Turn in solutions to the four problems below.
Important: Put the answer to each question on a separate sheet of paper (or one problem on front and another
on the back). This is to make grading easier for us.
Collaboration Rules for This Assignment:
You may talk about the problems with other students in the course and TAs, or you can work alone. If you talk with or collaborate with other students, you must list their names at the first page of your paper. (Failure to do so violates the collaboration policy for CS432.) If you work alone, write a pledge that you worked alone without collaboration on the assignment.
If you collobarate with other students, a group of three students (and no more) may agree to turn in a group write-up of the solutions. List all group members on the paper, and pledge that all members made a reasonable contribution to working out the solutions. However, any of the group members may choose to turn in an individual write-up of the solutions. If you choose to do this, you cannot not simply copy all or part of another group member's write-up. (We will investigate this if we observe it.) You should still list your collaborators on the first page of your paper.
The goal of collaboration among students is simple. you can help each other learn. If what you do for another student simply lets them turn in the assignment without helping them learn in the process, this is not acceptable.
Problem Rec1) Use the either the Main Theorem or Master Theorem to give the order-class for each of the following recurrences. If you can't use either one of the theorems for a problem, just write "not applicable" and explain why.
(A) T(n) = 2T(n/2) + n
(B) T(n) = 2T(n/4) + n lg n
(C) T(n) = T(n/2) + lg n
Problem DC1) Examine the code and explanation on pp. 229-231 for the divide-and-conquer solution for the closest-pair of points problems.

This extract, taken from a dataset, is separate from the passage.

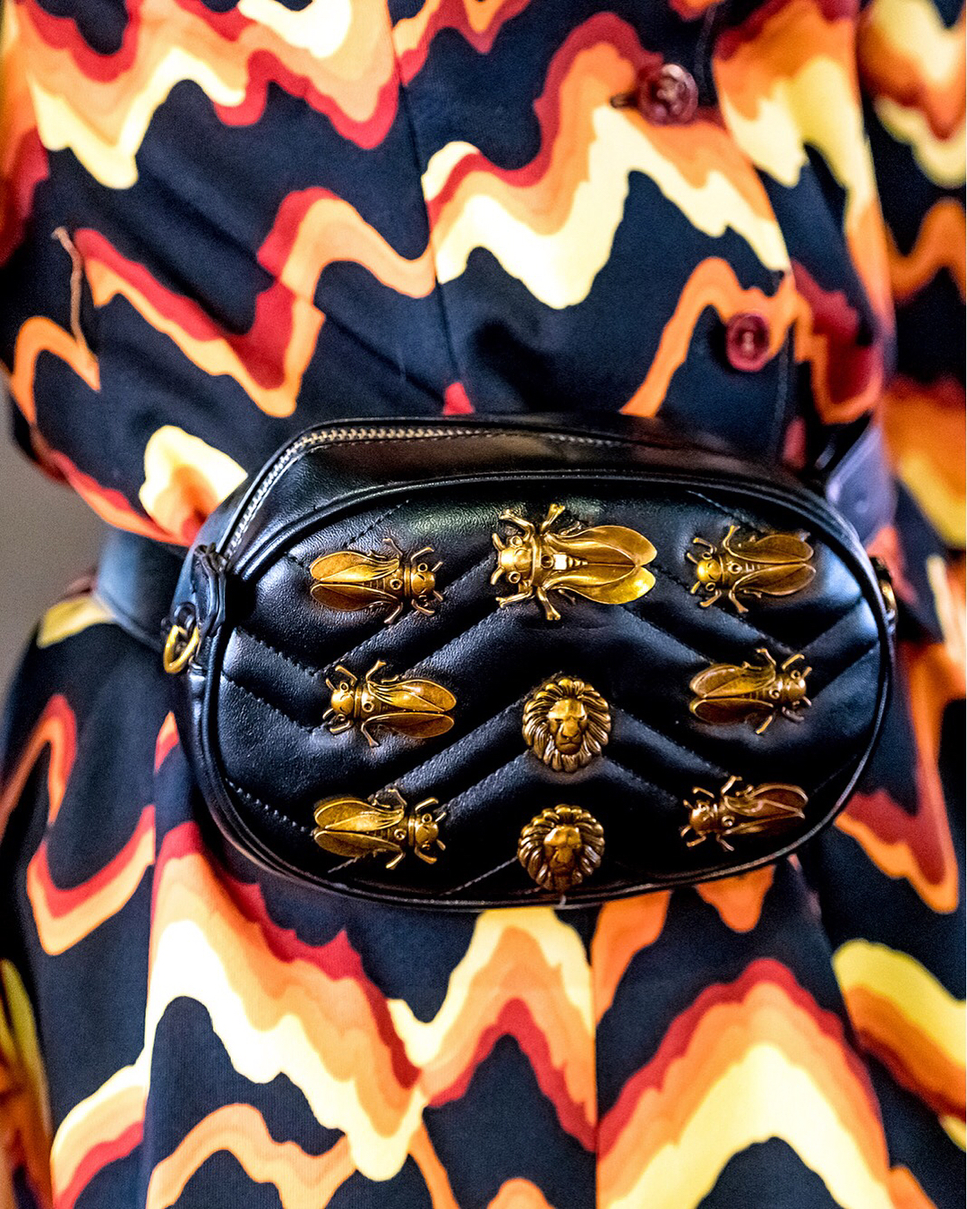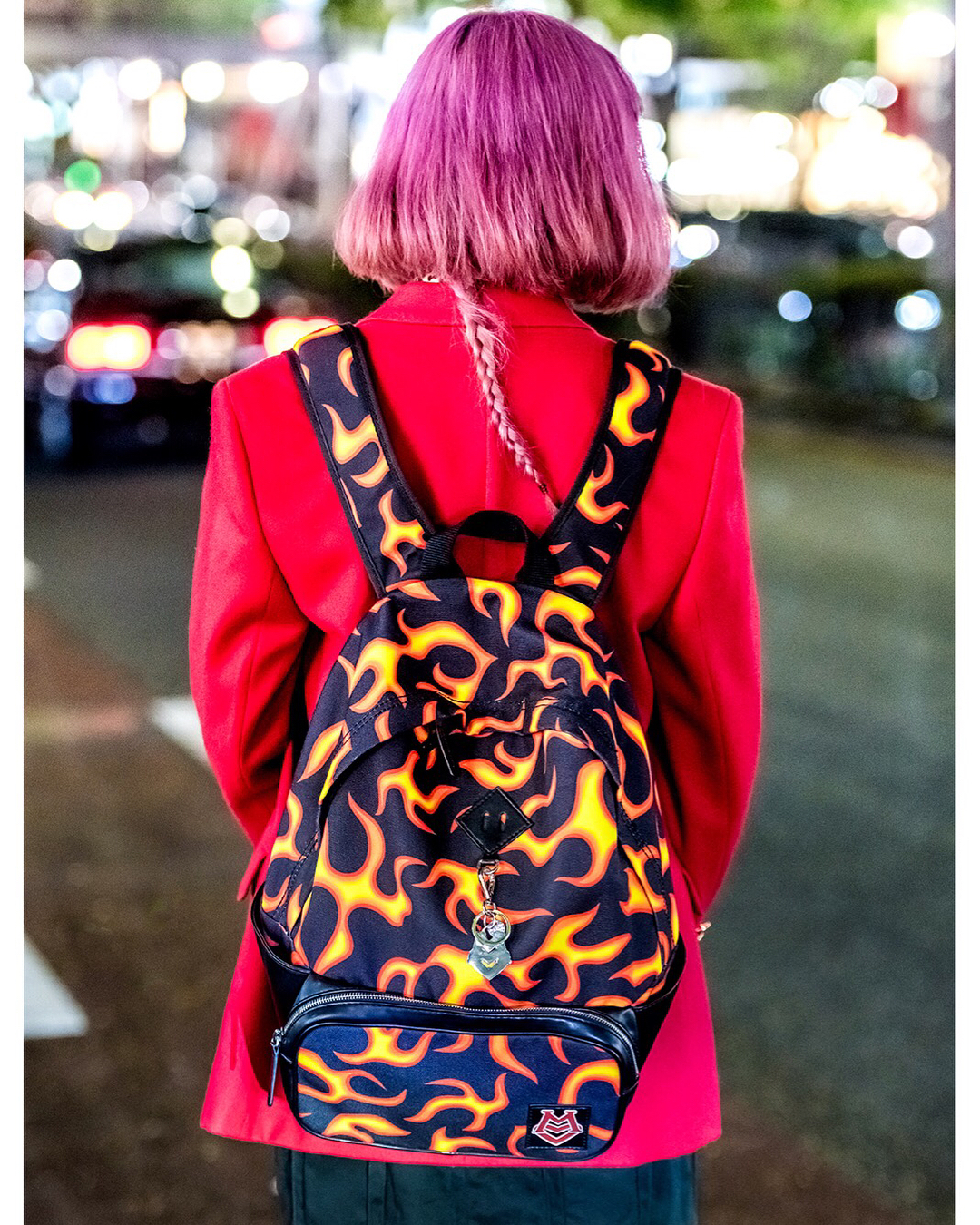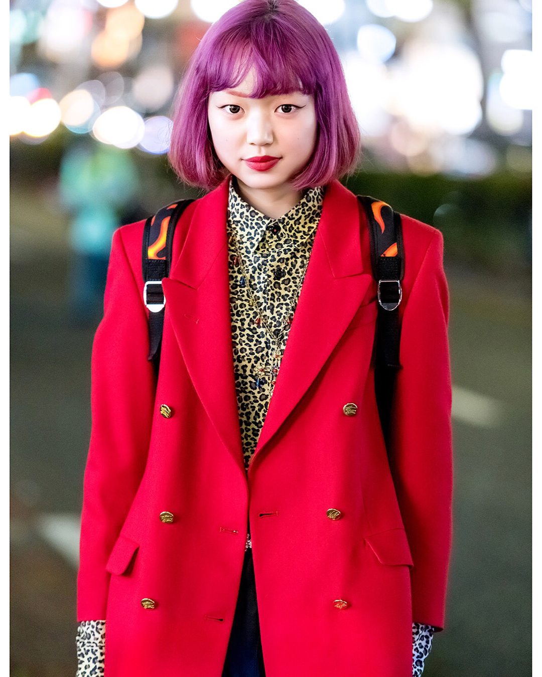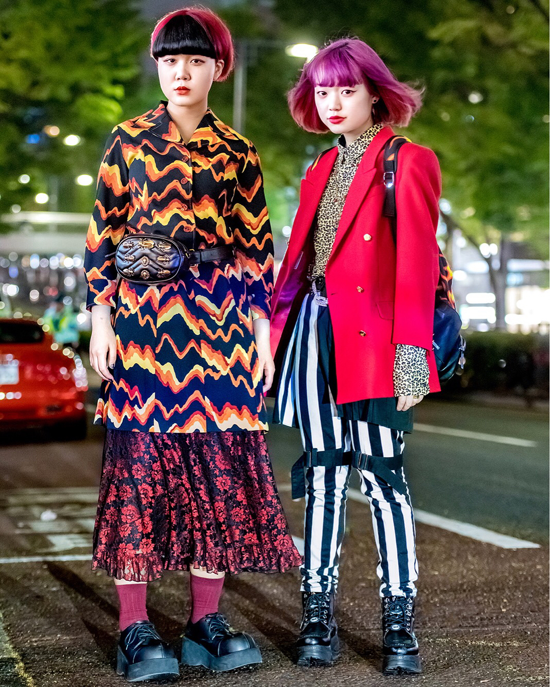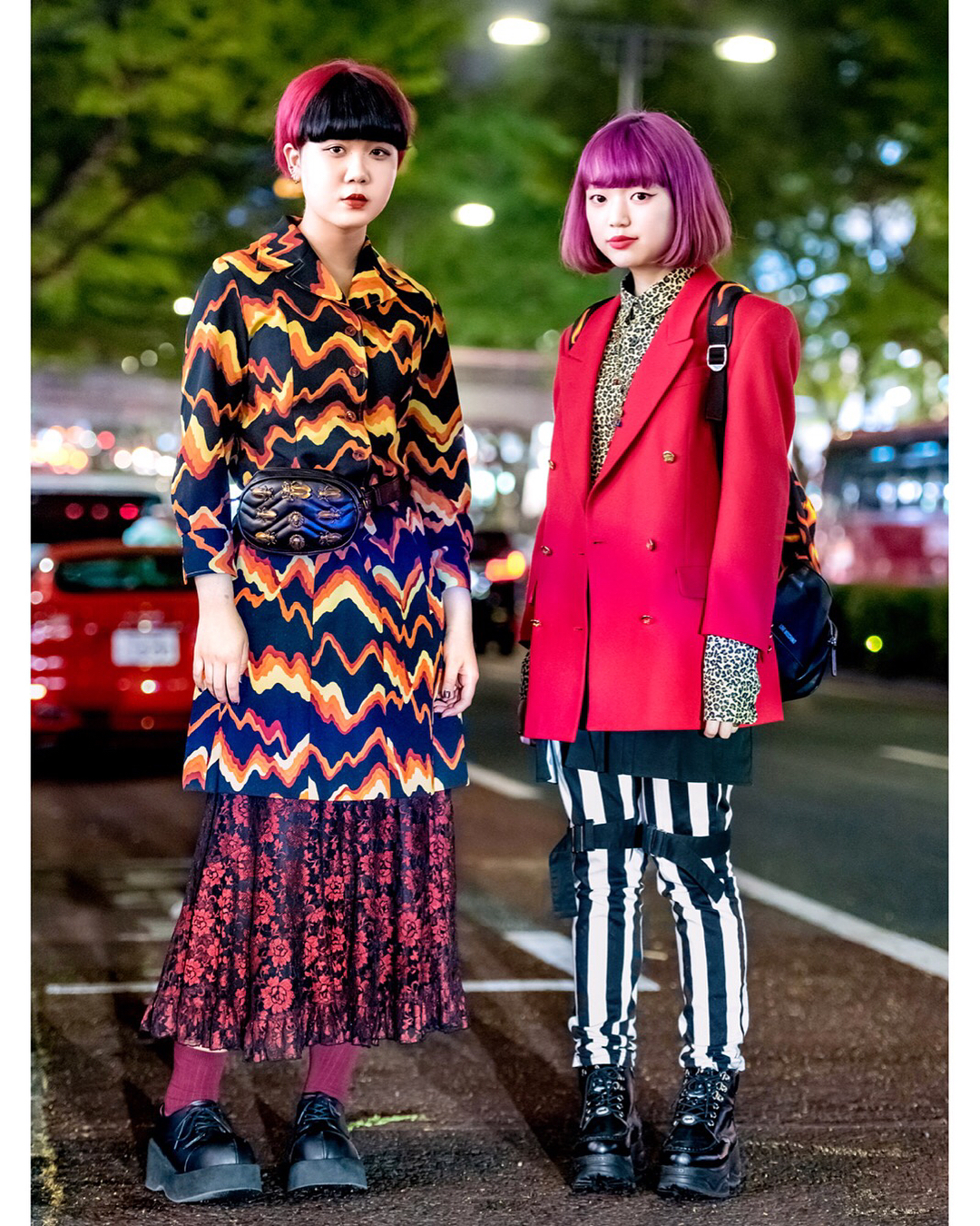 18-year-old Japanese fashion students Ayano (@shimoaya_122) and Hikari (@h_iai) on the street in Harajuku wearing colorful mixed prints styles with items from Tokyo vintage shops, Kinji Harajuku, Demonia, ME, Dog Harajuku, Moschino, and Burberry. Swipe left to see Ayano’s insect-covered waist bag!!

(A) Write a clear explanation about how the algorithm sorts the points "in the strip" by their y-coordinate. Your explanation should include anything you feel is odd, unclear, or incorrect about the code given in the textbook.

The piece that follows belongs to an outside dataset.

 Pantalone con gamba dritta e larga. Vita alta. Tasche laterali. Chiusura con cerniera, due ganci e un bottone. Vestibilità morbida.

(B) Show how you would modify the code so that it does not do the unnecessary distance calculation for any point "in the strip" that is on the same side of the dividing line L as the current point v[k]. Also, state how this improves the order class of the algorithm's complexity.

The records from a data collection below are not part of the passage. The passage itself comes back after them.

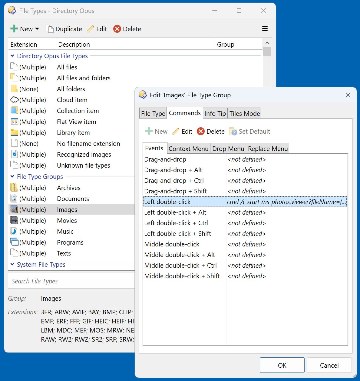 when i double click a jpg image file in opus and i have set default operation to use windows "fotos" app the small handles to click next and previous image in a folder is mossing. If i do the same in microsoft native file explorer they are there and "fotos" app works like supposed.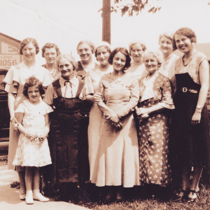 Group photo including my great-grandmother, Julia Grady Carney, in the print dress in front row, at right. She immigrated from Widnes, Lancashire, UK to Canada about 1911. The photograph was likely taken in Port Arthur, Ontario, Canada. #falknerjarrell #ancestors #familyhistory #genealogy #genealogyphoto #ancestry #antiquephotograph #family #vintagephotography #oldphotos #oldphoto #ancestor #antiquephoto #genealogyresearch #oldphotograph #savinghistory #findingroots #carneygenealogy #carney #gradygenealogy #grady #greatgrandmother #canada #portarthur #ontario #thunderbay #thunderbayontario #1920s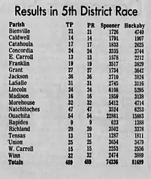 Carter's statewide victory in Louisiana (and in nine other former Confederate states) worked to Huckaby's advantage. Huckaby received 83,696 votes (52.5 percent); Spooner, 75,574 ballots (47.5 percent). Spooner surpassed Passman's primary showing by 35,000 votes, which translated only into a 0.2 percent gain over Passman's primary share of the vote because of the much larger turnout in the general election in contrast to the primary. Spooner polled 59 percent in Ouachita Parish and also won in the parishes of Lincoln (Ruston), Morehouse (Bastrop), Union (Farmerville, and Richland (Rayville), but his strength was insufficient to overcome large Democratic margins stretching from Huckaby's Bienville Parish on the west to Madison Parish (Tallulah) on the northeast, Concordia Parish (Vidalia) on the southeast, and the most northern precincts of Rapides Parish (Alexandria) on the south. Spooner received just 27 percent in Bienville Parish and less than 40 percent in Madison and Winn parishes, the latter the ancestral home of the Long political faction.[12][13]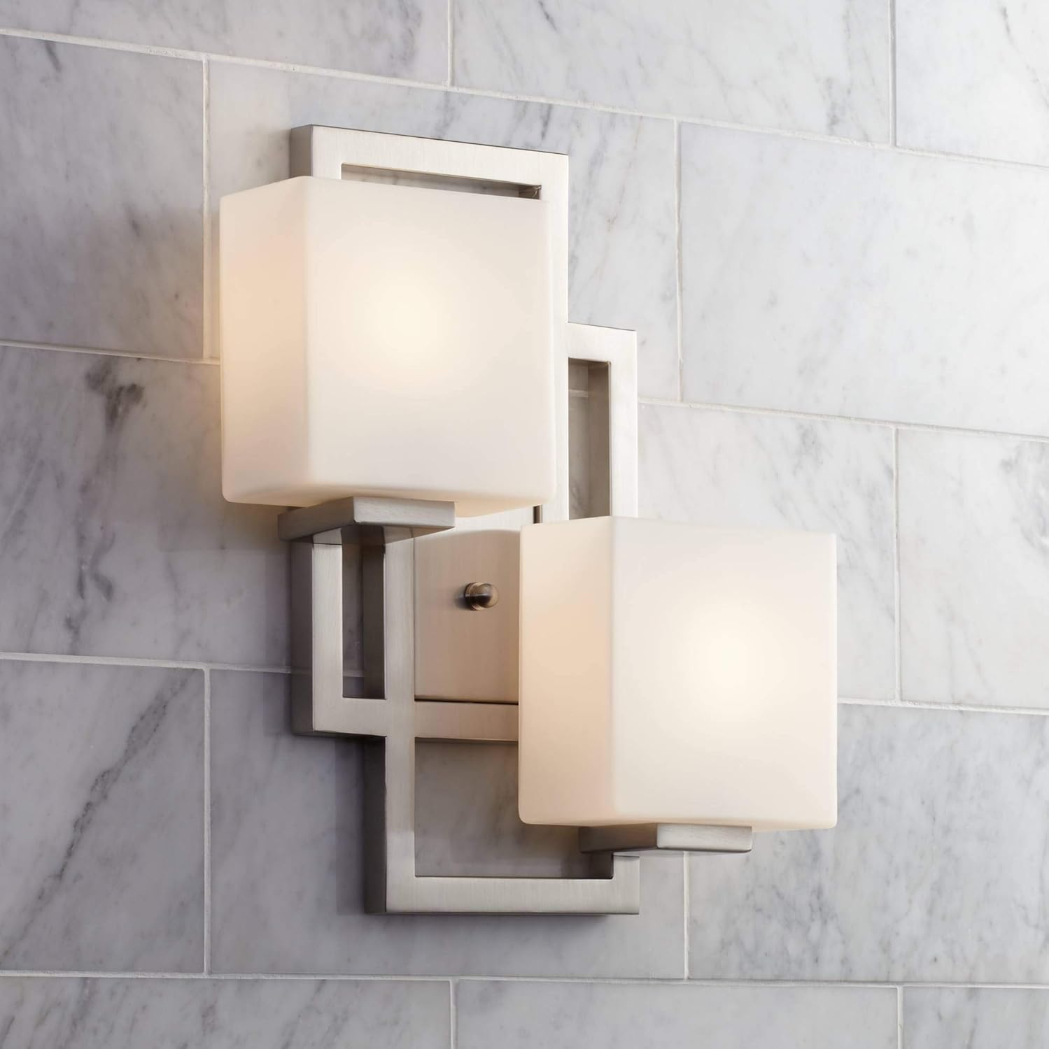 • 【High Quality Lighting】Contemporary modern bath light from the Lighting on the Square collection by the Possini Euro Design brand. Square opal glass shades. Bronze finish metal construction. Can be installed with the glass facing up or down. ADA-compliant design.

Problem Sort1) Your friend Alex has learned about the median-of-three method for choosing the pivot element for quicksort. Alex claims that using this changes the order-class complexity of quicksort in the worst-case. You're not sure you agree.
(A) Write the recurrence relation for the worst-case performance for Quicksort with this enhancement. Assume you are using a partition algorithm that requires n-1 comparisons for a list of size n.
(B) Give a convincing argument either for or against Alex's claim.
Problem Sort2) (Make sure you answer contains all three parts labeled a, b and c below.)
Lomuto's partition algorithm (p. 245) and Hoare's partition algorithm (p. 269) both work in linear time in terms
of number of comparisons. We could also count how often they swap elements. For each algorithm, (a) determine what
a worst-case input would look like, and (b) give a formula for the number of element swaps it does in this case.
(c) Compare the two algorithms and say which might be preferable if sort required swapping large data items.